Monday, November 07, 2005

The Gap

No, I'm not talking about the clothing store... :)

Yesterday I mentioned what McKee calls the "Gap," but I didn't really go into much detail about it. McKee says that all human beings are basically lazy (I strongly agree with this statement -- that's why I'm such a good engineer :) ). By this he means that a person will take the action that will allow him to achieve his goal with least possible amount of effort. If the protagonist of your story has a goal, he will choose the most conservative path that he feels will be a positive step towards achieving that goal. The moment he makes this choice, however, the external world (in a good story) steps in and things do not react in the way he anticipated, blocking him from his goal. The forces blocking him are, of course, embedded in the antagonist and his cohorts. Instead of achieving his goal, a gap has opened up between him and the goal.

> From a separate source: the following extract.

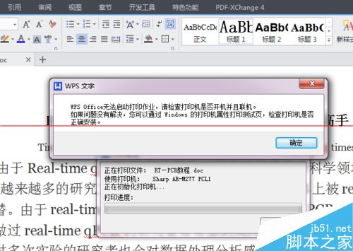 1、例如,我们在使用局域网打印机打印文档时,不知何故出现“WPS office 无法启动打印作业,请检查打印机是否开机并联机”,其实打印机也开机了并且也联机了。

This opening of the gap is crucial to the progress of the story. When the gap opens, the protagonist realizes that his normal way of doing things isn't going to work -- he must take extrordinary action if he is to achieve his goal. Of course, this action leads to even larger gaps, and this is how we can build tension through conflict throughout the story. It's a good way at looking at conflict. If the "gap" that opens up isn't really a gap at all -- if the protagonist can easily overcome it, or if his actions lead to the results he expected, then you don't really have a story. Also, good, deep storytelling comes into play when the gap is accompanied by a flood of realization. The events that occur as a result of the character's actions are unexpected, but are totally consistent with the meaning in the story. In fact, the opening of the gap will often force us to re-evaluate everything we have seen as a result. This requires a keen mastery of the craft of storytelling, but it's something we all can aspire to!